[The data]

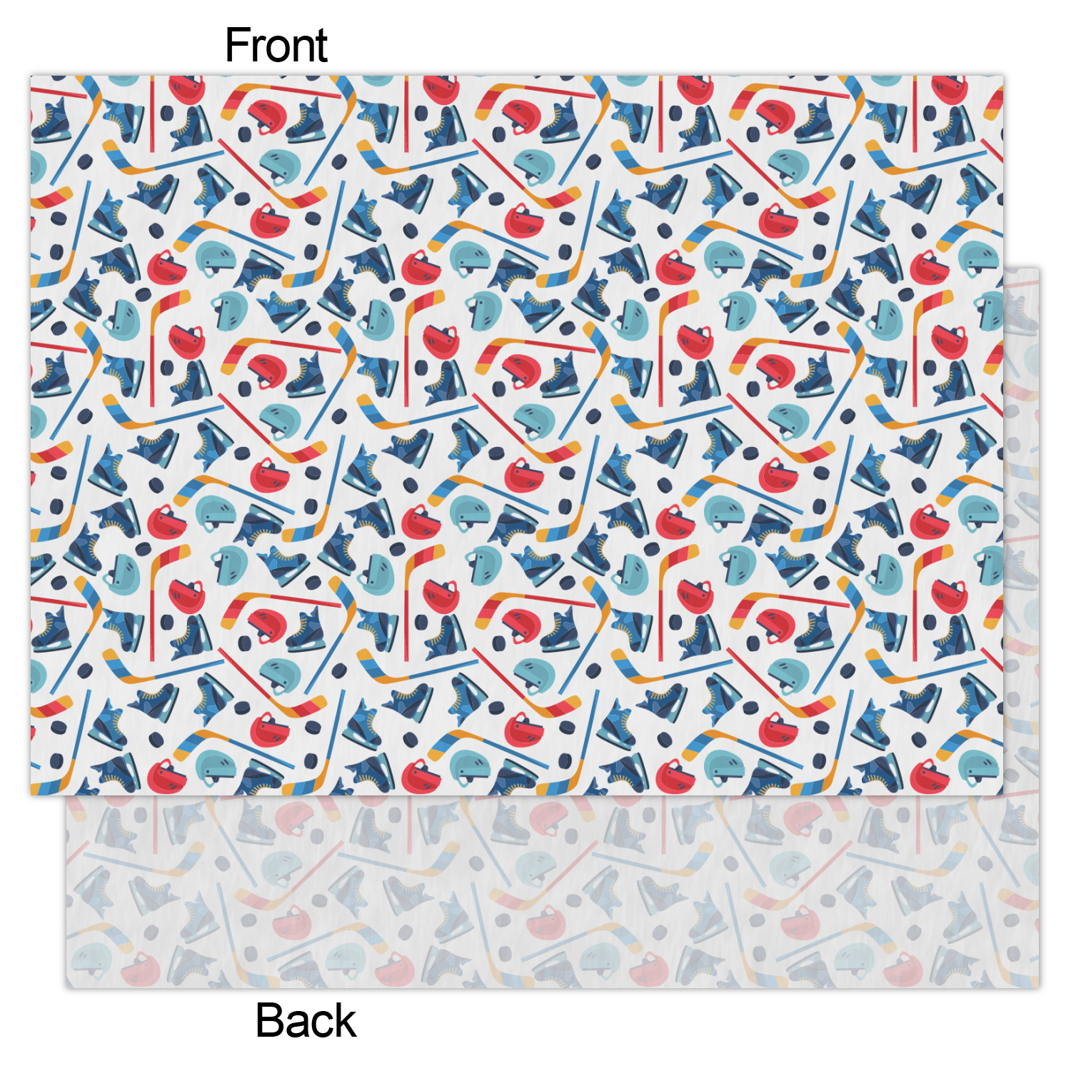 The main design has a fun background with illustrated hockey equipment including a helmet, hockey puck, skate, and hockey sticks. Going through the middle of the design is a solid strip of light teal with a graphic of a hockey player alongside a team name. The coordinating design uses this solid teal background with a hockey stick graphic and personalization.
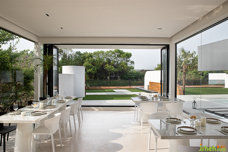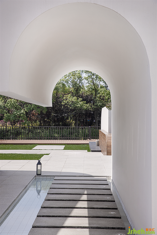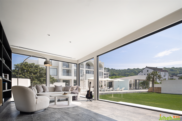 大落地玻璃在建筑中起到了連接室內(nèi)外的功能,蘇州民宿設(shè)計(jì)讓室外景色映入空間,空間與自然進(jìn)一步融合。
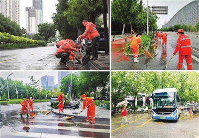7月3日,我市迎来大范围降雨,相关部门工作人员坚守一线,保障城市正常运行。左上图为市市政建管中心道排保障二所的工作人员在西太堡街值守;左下图为太原市环卫清洁和生活垃圾转运中心工作人员在长风商务区清理排水口;右上图为环卫工人清理道路积水;右下图为公交二公司二车队志愿者疏导交通。
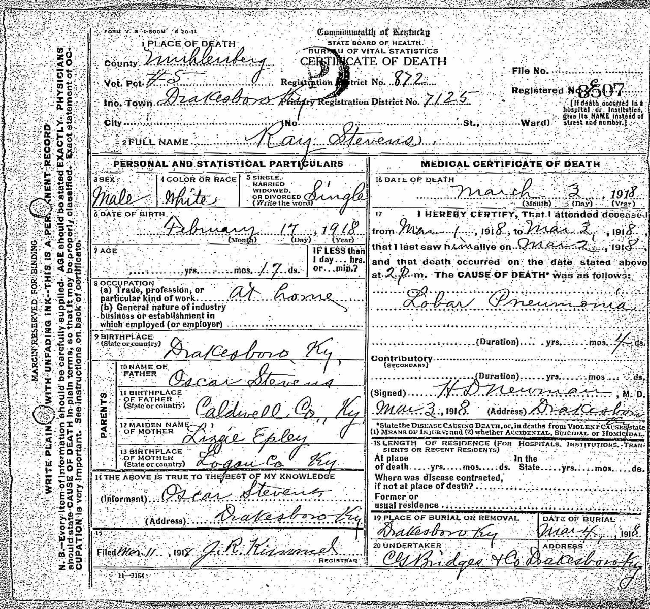 - Stevens, Robert William (1917 - 1919) Kentucky Death Certificate 16968.

[/The data]

Prompt: Pick up at the line containing "7月3日,我市迎来大范围降雨" and copy each line exactly until the data ends, including that last line; copy no pictures.

Finished exercise:
7月3日,我市迎来大范围降雨,相关部门工作人员坚守一线,保障城市正常运行。左上图为市市政建管中心道排保障二所的工作人员在西太堡街值守;左下图为太原市环卫清洁和生活垃圾转运中心工作人员在长风商务区清理排水口;右上图为环卫工人清理道路积水;右下图为公交二公司二车队志愿者疏导交通。
 - Stevens, Robert William (1917 - 1919) Kentucky Death Certificate 16968.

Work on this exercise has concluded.